L’apparition de l’ambassadrice suisse Nadine Olivieri Lozano en Iran a fait parler. Mercredi, la diplomate avait visité voilée un lieu saint dans la ville iranienne de Qom. Aux yeux de détracteurs du régime, elle légitimait ainsi le régime des mollahs qui réprime violemment depuis des mois les protestations de la population et qui a rapidement utilisé la présence de l’ambassadrice à des fins de propagande.

Mais comment en est-on arrivé à cette visite voilée? Blick a posé la question à Maya Tissafi, cheffe de la division Moyen-Orient et Afrique du Nord au Département fédéral des affaires étrangères (DFAE) et ancienne ambassadrice à Abou Dhabi.

Compte tenu de la situation actuelle en Iran, en quoi est-il utile pour la Suisse de visiter un site religieux en compagnie de mollahs?
La visite était destinée à une institution académique qui travaille dans le domaine du dialogue interreligieux. Des étudiants de nombreux pays, y compris européens, y étudient. Près de 50% d’entre eux sont des femmes. Les étudiants de cette institution participent également à des séminaires en Suisse. L’ambassade suisse est responsable de la délivrance des visas pour les étudiants. Il est donc important que notre représentante sur place connaisse cette institution. Dans ce contexte, l’ambassadrice Nadine Olivieri Lozano a effectué une brève visite d’un site religieux. Le dialogue entre les confessions revêt une grande importance. En particulier dans le contexte actuel, car ces milieux ont une grande influence sur les thèmes sociopolitiques. Et la Suisse utilise tous les canaux pour promouvoir le dialogue et faire valoir ses préoccupations et ses valeurs.

L’ambassadrice Nadine Olivieri Lozano n’envoie-t-elle pas ainsi un signal de soutien au régime iranien?
L’Iran connaît parfaitement la position de la Suisse. Nous avons condamné à plusieurs reprises et avec véhémence la réaction violente des forces de sécurité face aux protestations, tant au niveau bilatéral que multilatéral. Récemment encore, nous avons eu un dialogue au cours duquel nous avons clairement souligné notre engagement en faveur des droits de l’Homme.
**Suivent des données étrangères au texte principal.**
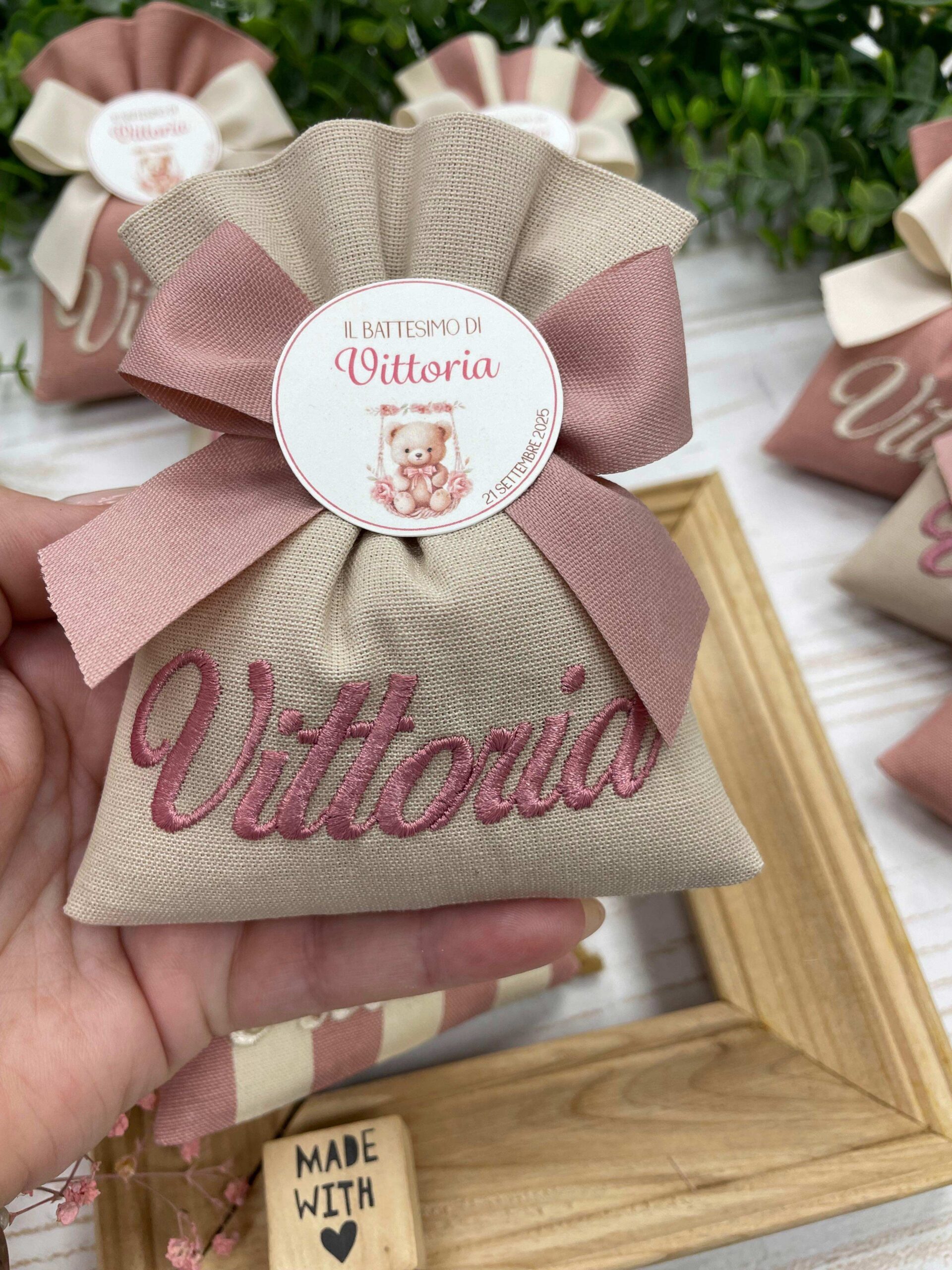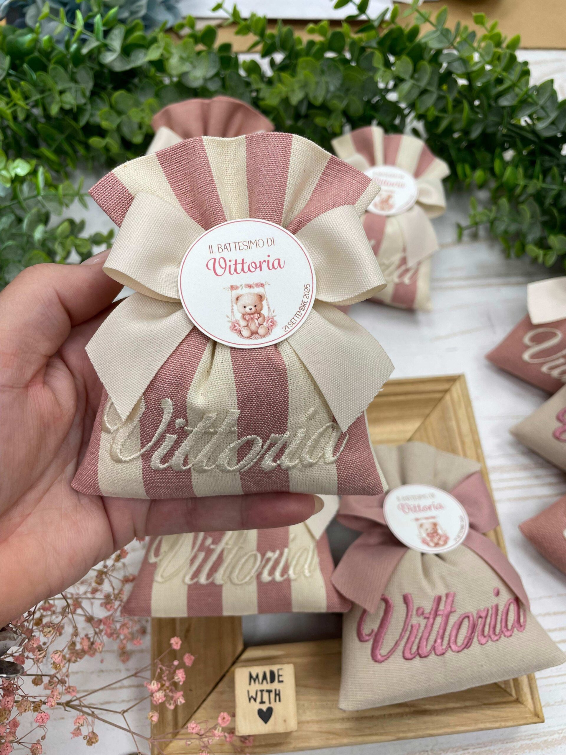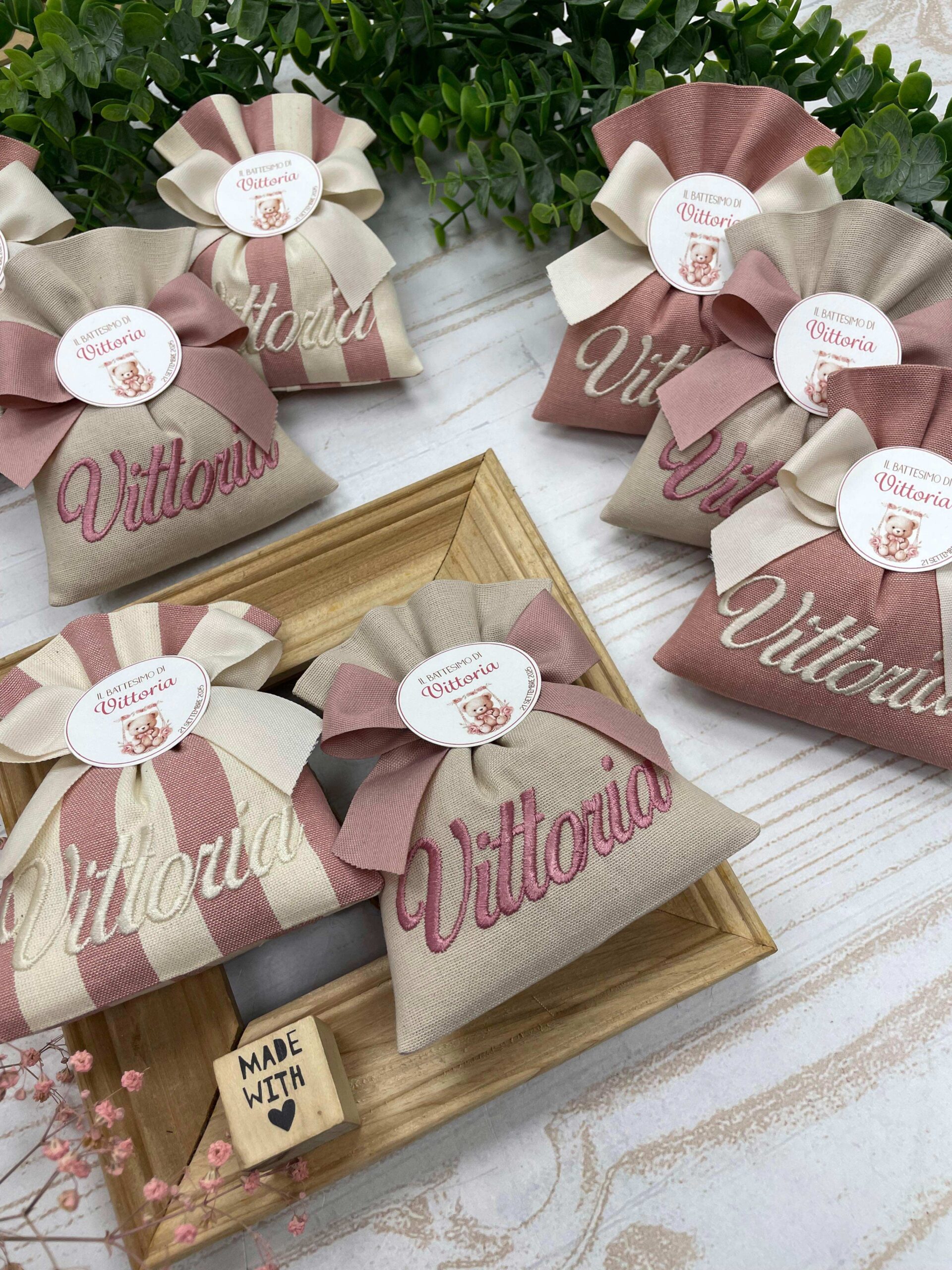La bomboniera, pronta da donare ai tuoi ospiti, comprende il sacchetto ricamato, confezionato con imbottitura in ovatta, fiocco abbinato e 5 confetti in busta sigillata, con o senza tag.

Nous avons notamment critiqué les exécutions de personnes participant à des manifestations et souligné l’importance d’avoir le droit à un procès équitable et à la liberté d’expression. Pour pouvoir exercer sa fonction d’ambassadrice, Nadine Olivieri Lozano doit également connaître son pays d’accueil et pas seulement Téhéran. Cela implique des visites en dehors de la capitale. En fait, ce sont des tâches standards. Tous nos précédents ambassadeurs se sont rendus à Qom.

Plusieurs personnalités politiques suisses, dont l’ancienne conseillère fédérale Micheline Calmy-Rey, critiquent cette visite. Elle parle d’un «signe douteux» et affirme qu’elle aurait elle renoncé à se prêter à cet exercice.
Je dois réaffirmer que nous misons sur le dialogue et que nous utilisons tous les canaux de communication dont nous disposons, malgré des divergences d’opinion considérables avec le régime. Nous le faisons pour pouvoir dialoguer sur les droits de l’homme et des femmes. L’ambassadrice s’est aussi rendue sur place pour visiter l’institution académique et établir le contact. Comme la Suisse accorde des visas, elle est obligée de connaître cette institution.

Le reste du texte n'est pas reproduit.